Richard Lester’s 1970s screen version of The Three Musketeers was originally written with the Beatles in mind, but the Fab Four turned it down.

Scandals

Although Dumas is always credited as sole author of his novels, he actually had a ghost writer, Auguste Jules Maquet, who is the subject of a 2010 film, L’Autre Dumas, starring Gérard Depardieu. Maquet’s job was to research the historical backgrounds and construct plots, while Dumas breathed life into the tales, creating colourful and psychologically convincing characters, and writing scenes packed with romance and intrigue.

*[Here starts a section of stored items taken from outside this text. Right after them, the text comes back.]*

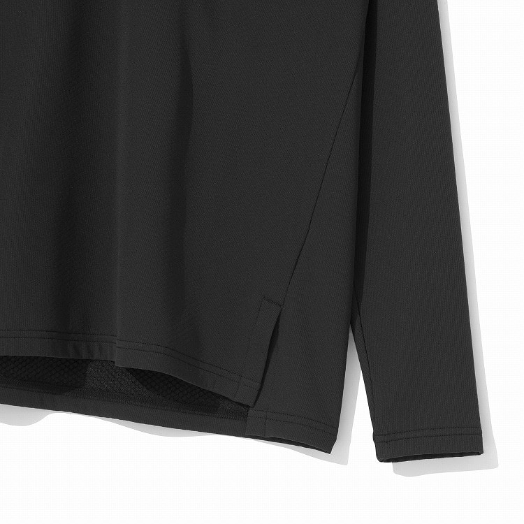 肌面起毛素材を使用し、中空異形断面糸「Octa」の吸水速乾性で肌面を快適に保ちます。シンプルなデザインながら、メタリックロゴ使いと背面のインパクトあるロゴプリントがコーディネートを引き立てます。
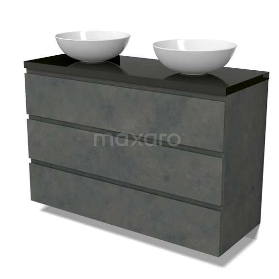 Modulo Plato Badmöbel mit Aufsatzwaschbecken | 120 cm Dunkelgrauer Beton Grifflos front Hochglanz Schwarz blatt 3 Schubladen
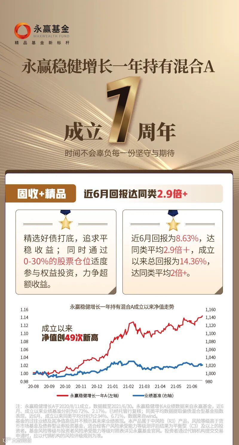 永赢稳健增长一年A一周岁啦,
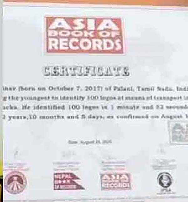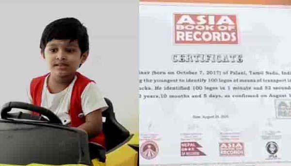 சிறுவனின் இந்த சாதனையை பாராட்டி இந்தியன் புக் ஆஃப் ரெக்கார்டு மற்றும் ஆசியா புக் ஆஃப் ரெக்கார்டு ஆகிய சாதனை புத்தகங்களில் இடம்பிடித்துள்ளது ஆச்சரியத்தை ஏற்படுத்தியுள்ளது.
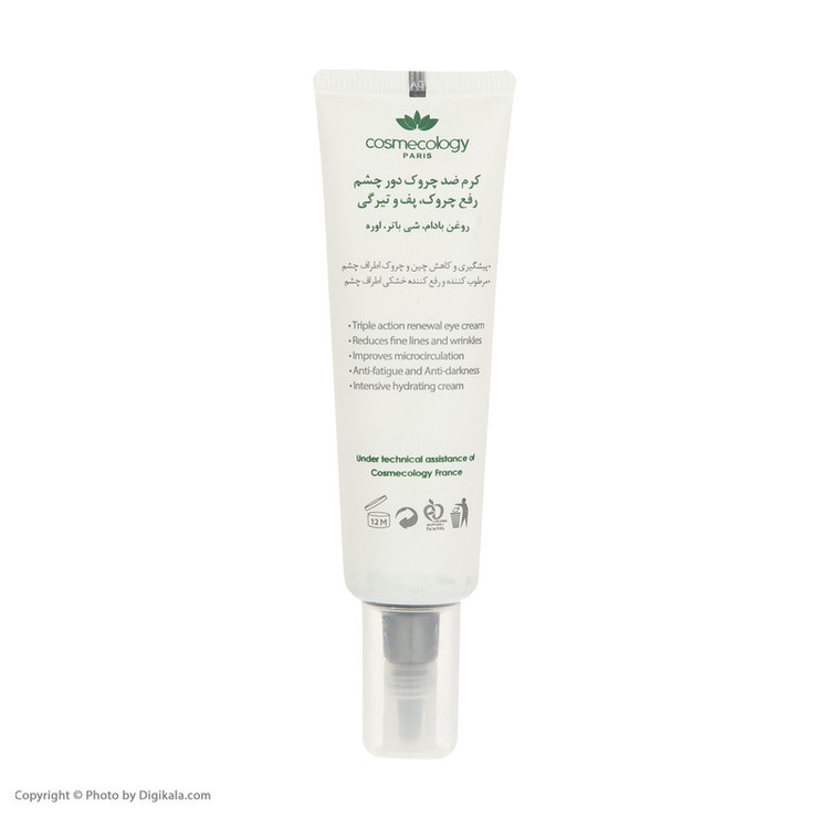 حاوی روغن بادام، شی باتر و اوره رفع چروک، پف و تیرگی پیشگیری و کاهش چین و چروک اطراف چشم مرطوب کننده و رفع کننده خشکی اطراف چشم
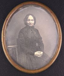 Portrait einer sitzenden Frau mit schwarzer Halsschleife.
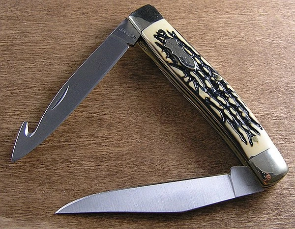 Couteau Schrade Uncle Henry Pro Skinner pliant – Longueur fermé 9.84cm – 2 Lames en acier carbone – Lame de type clip and guthook skinner – Longueur de lame 7.6cm – Platines et mitres en nickel – Plaquettes du manche en Delrin façon bois de cerf – Logo Uncle Henry incrusté dans le manche – Système de sécurité
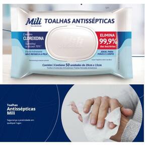 Toalha Umedecida Mili Antisséptica 50 unidades
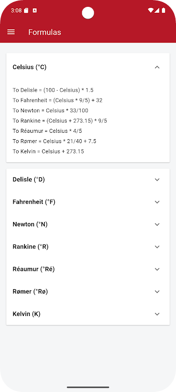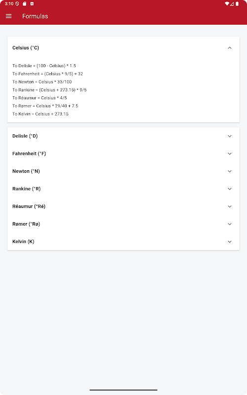 این برنامه از مجموعه ای از فرمول های دقیق برای اطمینان از تبدیل های دقیق برای هر مقیاس دما استفاده می کند. در اینجا فرمول های مورد استفاده برای تبدیل آمده است:
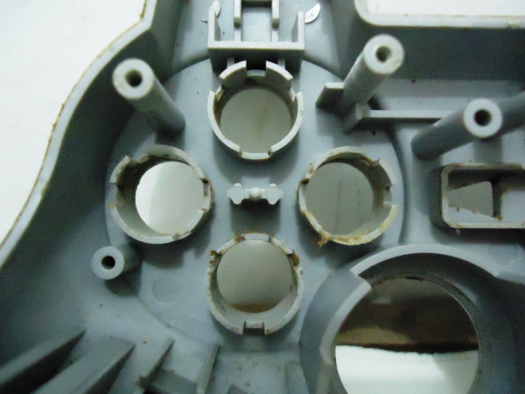 Sujinho e bem grudento. Os direcionais analógicos estavam com aquelas borrachinhas de cima em péssimo estado, muito além de qualquer reparo. Só haveria duas soluções possiveis: trocar os analógicos por outros em melhor estado, ou tirar aquela borrachina e deixa-lo sem.

Maquet received a fee, but, as Dumas grew increasingly famous, he wanted to be recognised as co-writer, too. Despite taking Dumas to court three times, he was only recognised much later for his contribution. Maquet’s tombstone in Père Lachaise cemetery is engraved with the names of his three most famous collaborations: The Three Musketeers, The Count of Monte Cristo and La Reine Margot.

Like many of his characters, Dumas was a womaniser, who had more than 40 affairs and fathered at least three children out of wedlock. His last affair was with Adah Isaacs Menken, an American actress notorious for a role where she rode a horse naked on stage. The relationship caused a scandal as Dumas was more than twice Menken’s age.

Dumas died in 1870, aged 68, and was buried in his birthplace of Villers-Cotterêts in the Aisne département. In 2002, to celebrate the bicentennial of the author’s birth, President Jacques Chirac had Dumas’s ashes re-interred in the Panthéon mausoleum in Paris, where he now rests near his rival Victor Hugo.

“Alexandre Dumas will finally take his place beside Victor Hugo and Émile Zola, his brothers in literature,” said the president. “With you, it is childhood, hours of reading relished in secret, emotion, passion, adventure and panache that enter the Panthéon. With you we dreamed; with you we still dream.”